Головы в замешательстве выгнули чешуйчатые шеи. Правая зло буркнула:
– Кормят меня, я и стерегу! А тебе зачем они?
– Да уж видел я, как тебя кормят, - сказал Иван, неторопливо сворачивая "козью ножку".
– Впрочем, это уже разговор. Я с самого начала знал, что мы найдем общий язык. Сейчас вам объясню, слушайте. Я пришел вон из того города, что в низине. Живем мы там в страшной бедности. Вы только посмотрите, какой мне табак приходится курить. Земли у нас бедные, урожаи скудные, жители скоро перемрут с голодухи. А на эти сокровища мы проведем воду на поля, фабрик понастроим, больницей и школой обзаведемся, да и заживем по-человечески. Как видишь, для доброго дел" стараюсь.
– Ну. а как же я?
– спросило чудище.
– А что ты? Ясное дело - со мной пойдешь. Вот мы разбогатеем и так тебя кормить будем - хоть лопни. И ни одна из голов не будет голодать. Однако будет торговаться - руки чешутся, скучают по работе. И помни - я меньший брат!
– А ты точно знаешь, что меньший?
– Сколько ж можно повторять, - раздраженно отозвался Иван, - неужели я до трех считать не умею.
Чудище огромной лапой почесало по очереди все головы, начав с левой, потом отодвинул оси от входа в пещеру и со вздохом молвило:
– Ладно, под твою ответственность!
Засучив рукава, Иван принялся таскать из пещеры сокровища, грузить их на широкую спину чудища, потом вскарабкался сам и погнал его в город.

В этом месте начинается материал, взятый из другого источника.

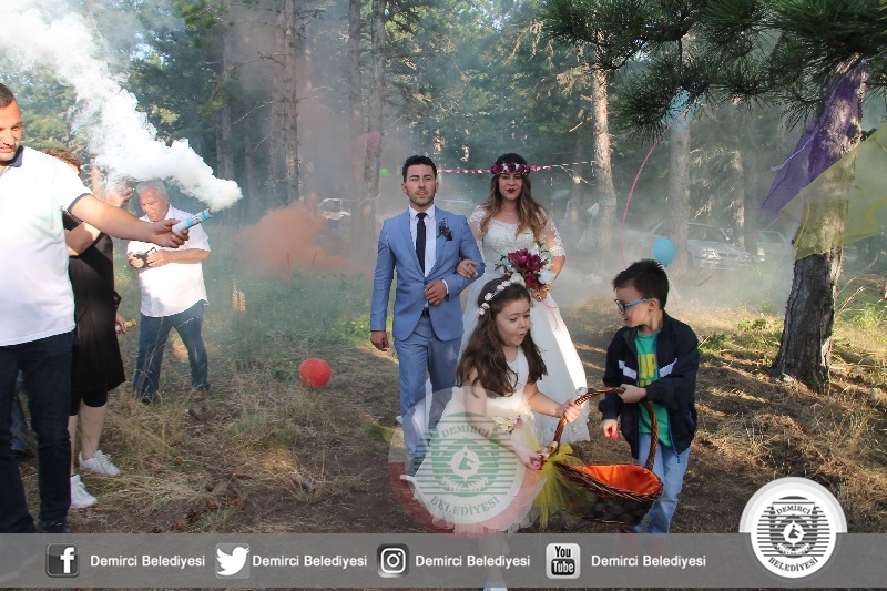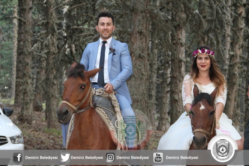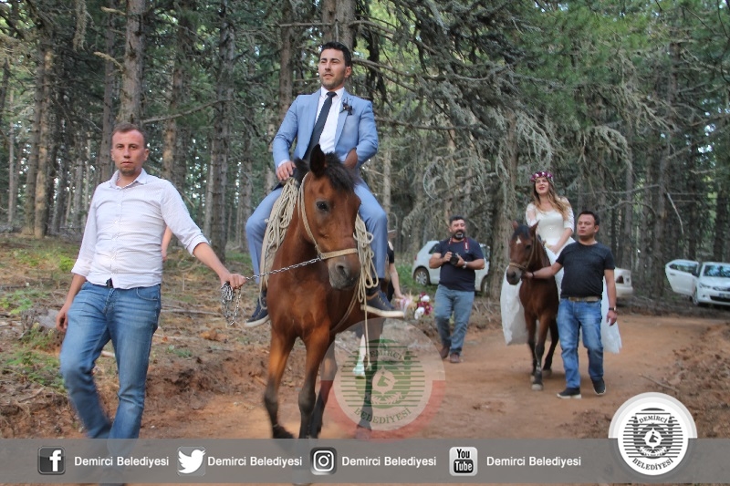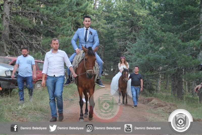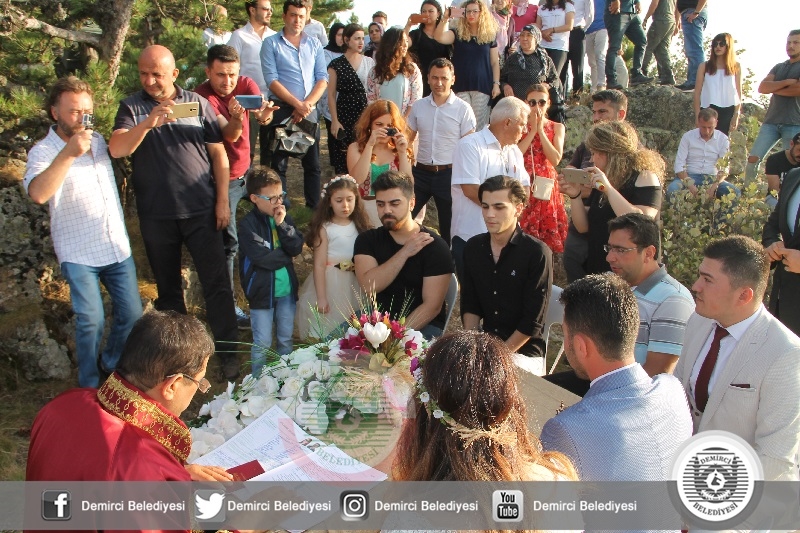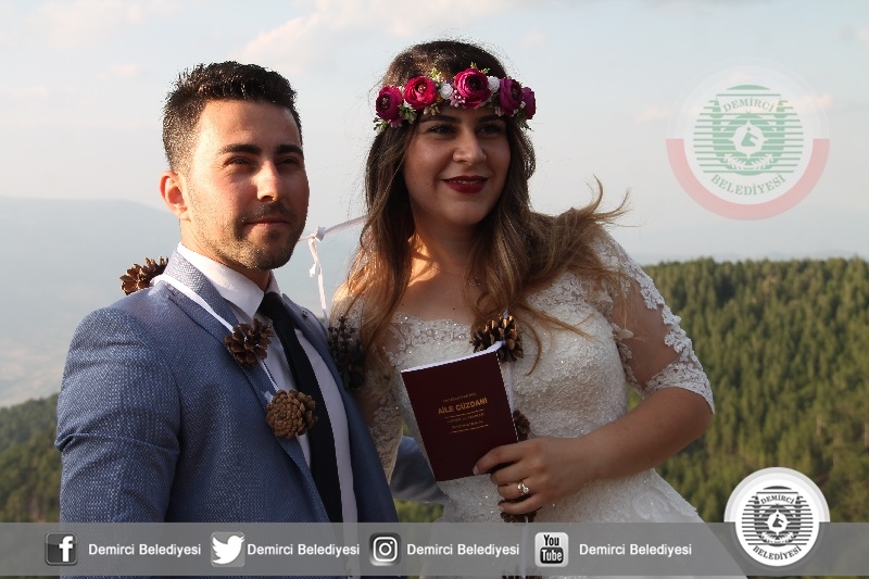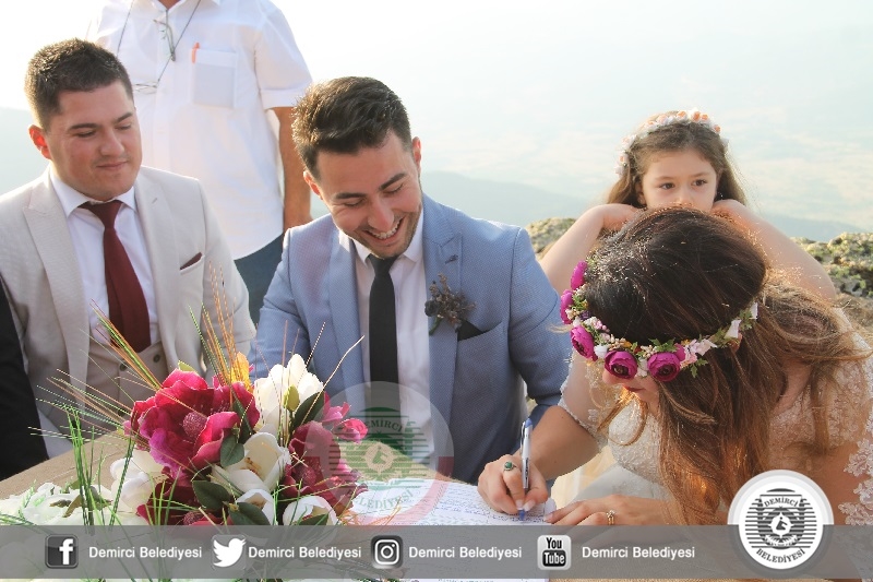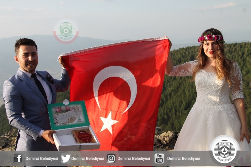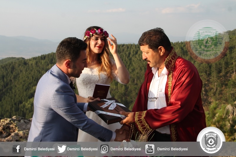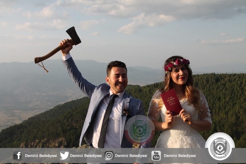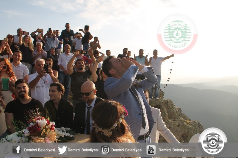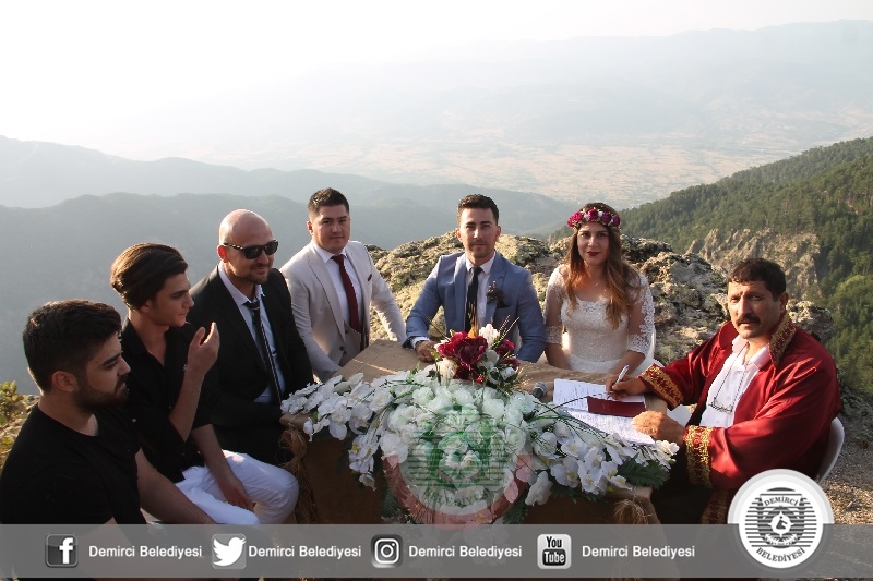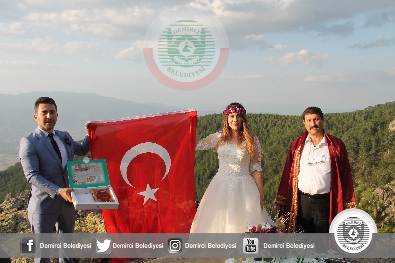 Demirci'de Gökhan Akbal ve Seda Şafak çifti 2 yıl önce doğa gezisi için çıktıkları Demirci – Simav yolu gelin uçtu tepesinde tanıştılar. 2 yıldır sözlülük ve nişanlılığın ardından evlenmeye karar verdiler. Yaklaşık 10 yıldır dağcılık sporu yapan Gökhan ve Seda çifti gelin uçtu tepesinde nikâh kıymak için günlerdir hazırlık yaptılar. Mutlu çift nikâhlarının kıyılacağı tepeye at sırtında gelirlerken, arkadaşları ve misafirleri tarafından meşaleler ile karşılandı.

В первый момент жители города в ужасе разбежались и попрятались, однако узнав, в чем дело, устроили настоящие празднества. Но Иван разрешил праздновать только три дня и три ночи. Он оказался строгим, но справедливым правителем, разумно распорядился сокровищами и заставил народ трудиться. Прежде всего провели воду, прокопав для реки новое русло. Потом построили фабрики, школу, больницу. Жители обзавелись богатыми особняками и зажили счастливо.
По воскресеньям они прогуливались по городскому парку, где был устроен прелестный уголок животных, и добродушно подтрунивали над добрым Змеем-Горынычем, который в охольстве бездельничал в этом уголке. Больше всех ему радовались дети. Они карабкались по его длинным шеям, катались на нем, требовали, чтоб он пускал огонь из ноздрей.
Так прошло много лет, и постепенно всё переменилось. Это и понятно - с годами всё меняется. Сначала его забросили дети. Как и любая игрушка, Змей-Горыныч им попросту надоел. Теперь лишь изредка какой-нибудь сорванец привязывал к его рогам хлопушку, и, как только Горыныч чихал, она взрывалась, опаляя ему ресницы и пугая его. К тому же дым ел глаза.